Dans les cas occasionnels, elle est d’une fois par mois. Les causes principales engendrant ces types de violence sont : l’argent, l’alcool, les biens familiaux et les tâches ménagères. Personne n’est à l’abri de ce type de violences. Elle sévit dans toutes les catégories sociales, économiques et culturelles, en milieu urbain ou rural et quel que soit le contexte éducatif ou religieux.


Fazila Daureeawoo : «Il y a un gros travail d’éducation à faire»

Face à la hausse des cas de violence domestique, les autorités ne cachent pas leurs préoccupations. Selon le ministre de l’Égalité des genres et du Bien-être de la famille, les lois ne suffisent pas et il y a un gros travail d’éducation à faire.

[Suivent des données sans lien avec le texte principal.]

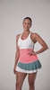Su sujetador incorporado ofrece mayor sujeción y seguridad, eliminando la necesidad de prendas adicionales y asegurando máxima comodidad en cada movimiento. El tejido técnico, ligero y transpirable, mantiene la piel seca incluso en los momentos de mayor intensidad. Una camiseta versátil y moderna, ideal para deportes de raqueta como pádel, tenis y pickleball.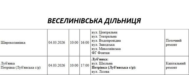 Графік відключення світла по адресах 4 березня, Веселинівська дільниця АТ «Миколаївобленерго»

« Nous pouvons avoir les meilleures lois, mais cela n’empêchera pas les agresseurs d’agir. Au gouvernement, nous faisons ce que nous pouvons pour redresser la situation. Seuls, nous n’avancerons pas », explique Fazila Daureeawoo.

Elle fait appel à la société civile, aux ONG et au secteur privé pour qu’ils mènent à bien ce combat. « Il faut revoir la manière d’éduquer nos enfants et inculquer les valeurs familiales et sociales aux jeunes. Il y a aussi un travail à faire avec les conjoints violents. Il faut pouvoir comprendre ce qui les pousse à agir de la sorte et leur expliquer les conséquences de leurs actes, surtout en cas de non-respect d’un Protection Order », indique-t-elle.

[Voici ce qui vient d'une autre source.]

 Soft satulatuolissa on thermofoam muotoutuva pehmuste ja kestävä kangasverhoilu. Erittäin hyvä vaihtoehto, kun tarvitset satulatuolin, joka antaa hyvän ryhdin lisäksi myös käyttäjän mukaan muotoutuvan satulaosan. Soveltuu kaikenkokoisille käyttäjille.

Un renforcement des structures en place est ainsi souhaité pour une meilleure protection et prise en charge des victimes. Dans un premier temps, Fazila Daureeawoo estime que ce serait bon que le système judiciaire traite les demandes pour les Protection Order le matin et non l’après-midi, comme c’est le cas actuellement. « Il est important de s’occuper des cas de violence domestique en urgence », dit-elle.


Bon à savoir

Une ordonnance de protection ou un Protection Order est une solution immédiate au problème de violence domestique. C’est un ordre, généralement temporaire, de la cour interdisant à l’agresseur de harceler physiquement, moralement et émotionnellement la victime. Ce, même s’ils cohabitent. Par ailleurs, la loi prévoit un Occupation Order pour contraindre l’agresseur à quitter la maison conjugale et à se tenir à distance de la victime.

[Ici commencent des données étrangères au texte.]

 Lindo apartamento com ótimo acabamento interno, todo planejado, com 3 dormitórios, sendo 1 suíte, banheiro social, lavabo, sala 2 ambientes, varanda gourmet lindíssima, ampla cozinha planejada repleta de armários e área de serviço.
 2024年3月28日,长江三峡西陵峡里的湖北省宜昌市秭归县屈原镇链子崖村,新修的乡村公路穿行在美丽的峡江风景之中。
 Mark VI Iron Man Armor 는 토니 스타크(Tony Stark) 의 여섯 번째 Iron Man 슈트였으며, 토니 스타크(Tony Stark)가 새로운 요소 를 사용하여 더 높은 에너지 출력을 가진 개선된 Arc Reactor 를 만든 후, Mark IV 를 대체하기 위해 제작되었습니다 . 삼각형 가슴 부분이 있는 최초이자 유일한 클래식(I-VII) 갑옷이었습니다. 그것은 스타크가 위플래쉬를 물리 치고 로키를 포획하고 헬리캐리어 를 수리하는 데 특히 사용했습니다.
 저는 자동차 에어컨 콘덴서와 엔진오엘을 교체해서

Renforcement de la Protection from Domestic Violence Act

Pour renforcer la lutte contre la violence domestique, la loi y relative a été revue à plusieurs reprises. Les derniers amendements datent de 2016. Parmi les principaux changements : le durcissement des peines, l’inclusion de la violence verbale comme délit, la redéfinition du terme «spouse» et la révision des pouvoirs de la police dans des cas de violence conjugale.

La loi prévoit ainsi une amende ne dépassant pas Rs 50 000 pour une première condamnation et jusqu’à Rs 100 000 pour une deuxième fois. La première récidive est aussi passible d’une peine d’emprisonnement ne dépassant pas deux ans. Pas d’amende pour une troisième fois, voire pour toute condamnation subséquente: le coupable sera sous le coup d’une peine d’emprisonnement d’une durée maximale de cinq ans.

Pour non-respect d’un Protection Order, le coupable paiera le double des peines prévues en cas des première et deuxième infractions. Alors que le mot «spouse» ne faisait référence qu’aux conjoints mariés, il désigne désormais toute personne en relation intime avec une autre personne du sexe opposé. Et alors que la police prétexte très souvent ne pas être habilitée à intervenir dans les problèmes conjugaux, les amendements de 2016 élargissent leur champ d’action.